What you need to do ▸
Your answer must be an exact copy of the listing that follows, with all pictures omitted.

Task input ▸
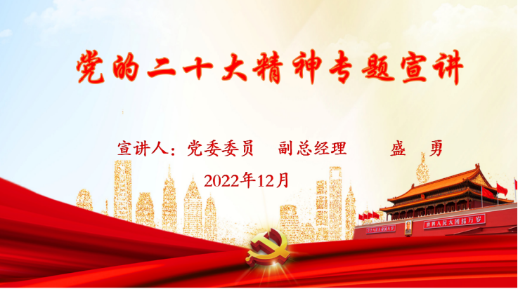 會上,盛勇同志以《學(xué)習(xí)二十大·書寫新篇章》為題講授黨課,重點宣講了黨的二十大的重大意義、二十大報告的邏輯結(jié)構(gòu)與主要精神,并結(jié)合支部實際工作,提出三點要求:一是要深刻領(lǐng)會準(zhǔn)確把握黨的二十大精神實質(zhì),準(zhǔn)確把握黨的二十大提出的一系列新觀點、新論斷、新思想、新戰(zhàn)略、新要求,堅定不移地沿著習(xí)近平總書記指引的方向奮勇前進(jìn),真正做到學(xué)深悟透。二是要深入學(xué)習(xí)貫徹黨的二十大精神,從全面學(xué)習(xí)、全面把握、全面落實上下功夫,要對各項目標(biāo)和任務(wù)進(jìn)行細(xì)化,有針對性地拿出落實的具體方案,制定明確的時間表、施工圖,扎扎實實向前推進(jìn)。三是要把黨的二十大戰(zhàn)略部署轉(zhuǎn)化為集團(tuán)、部門的工作任務(wù),抓好歲末年初沖刺攻堅,謀劃好明年的各項工作,做到既為一域增光、又為全局添彩。
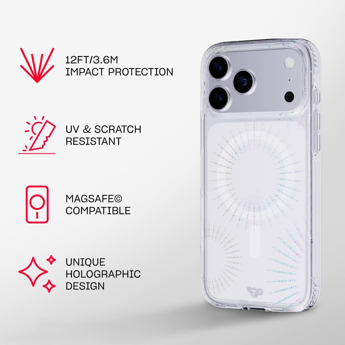 Protect your iPhone 17 Pro Max with the tech21 EvoSparkle — a modern protective case designed to keep your phone safe without compromising style or functionality. Crafted with proprietary impact-absorbing materials, this case defends your phone against drops and abrasions while maintaining a slim, ergonomic design. Built-in magnets enable full compatibility with Apple’s MagSafe ecosystem, so you can connect to wireless chargers, wallets, and car mounts with confidence. The Lunar finish adds a unique visual touch that complements your device’s aesthetic. Designed by tech21’s team of scientists and engineers, this case blends advanced protection with everyday usability — backed by years of trusted innovation.
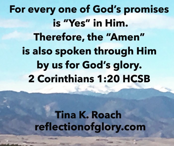 AMEN! January 12, 2019 Tina K. Roach ChristianityAmen, glory, God, Holy Spirit, Jesus, Lord, promises Share this: Click to share on Facebook (Opens in new window) Facebook Like Loading...
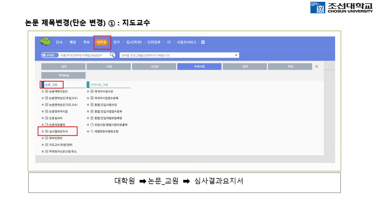 11. 최종 심사 완료 후 논문 제목이 변경된 경우에는 지도교수가 차세대종합정보시스템에서 대학원-> 논문_교원 -> 심사결과요지서
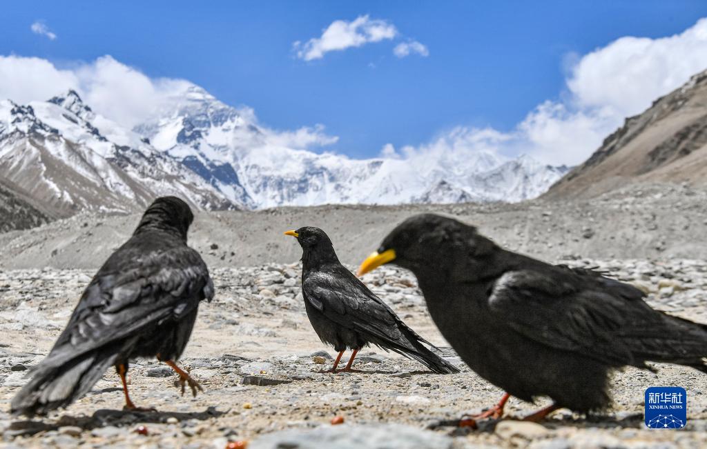 黃嘴山鴉在珠峰腳下覓食(5月14日攝)。新華社記者 晉美多吉 攝

Task output ▸
 會上,盛勇同志以《學(xué)習(xí)二十大·書寫新篇章》為題講授黨課,重點宣講了黨的二十大的重大意義、二十大報告的邏輯結(jié)構(gòu)與主要精神,并結(jié)合支部實際工作,提出三點要求:一是要深刻領(lǐng)會準(zhǔn)確把握黨的二十大精神實質(zhì),準(zhǔn)確把握黨的二十大提出的一系列新觀點、新論斷、新思想、新戰(zhàn)略、新要求,堅定不移地沿著習(xí)近平總書記指引的方向奮勇前進(jìn),真正做到學(xué)深悟透。二是要深入學(xué)習(xí)貫徹黨的二十大精神,從全面學(xué)習(xí)、全面把握、全面落實上下功夫,要對各項目標(biāo)和任務(wù)進(jìn)行細(xì)化,有針對性地拿出落實的具體方案,制定明確的時間表、施工圖,扎扎實實向前推進(jìn)。三是要把黨的二十大戰(zhàn)略部署轉(zhuǎn)化為集團(tuán)、部門的工作任務(wù),抓好歲末年初沖刺攻堅,謀劃好明年的各項工作,做到既為一域增光、又為全局添彩。
 Protect your iPhone 17 Pro Max with the tech21 EvoSparkle — a modern protective case designed to keep your phone safe without compromising style or functionality. Crafted with proprietary impact-absorbing materials, this case defends your phone against drops and abrasions while maintaining a slim, ergonomic design. Built-in magnets enable full compatibility with Apple’s MagSafe ecosystem, so you can connect to wireless chargers, wallets, and car mounts with confidence. The Lunar finish adds a unique visual touch that complements your device’s aesthetic. Designed by tech21’s team of scientists and engineers, this case blends advanced protection with everyday usability — backed by years of trusted innovation.
 AMEN! January 12, 2019 Tina K. Roach ChristianityAmen, glory, God, Holy Spirit, Jesus, Lord, promises Share this: Click to share on Facebook (Opens in new window) Facebook Like Loading...
 11. 최종 심사 완료 후 논문 제목이 변경된 경우에는 지도교수가 차세대종합정보시스템에서 대학원-> 논문_교원 -> 심사결과요지서
 黃嘴山鴉在珠峰腳下覓食(5月14日攝)。新華社記者 晉美多吉 攝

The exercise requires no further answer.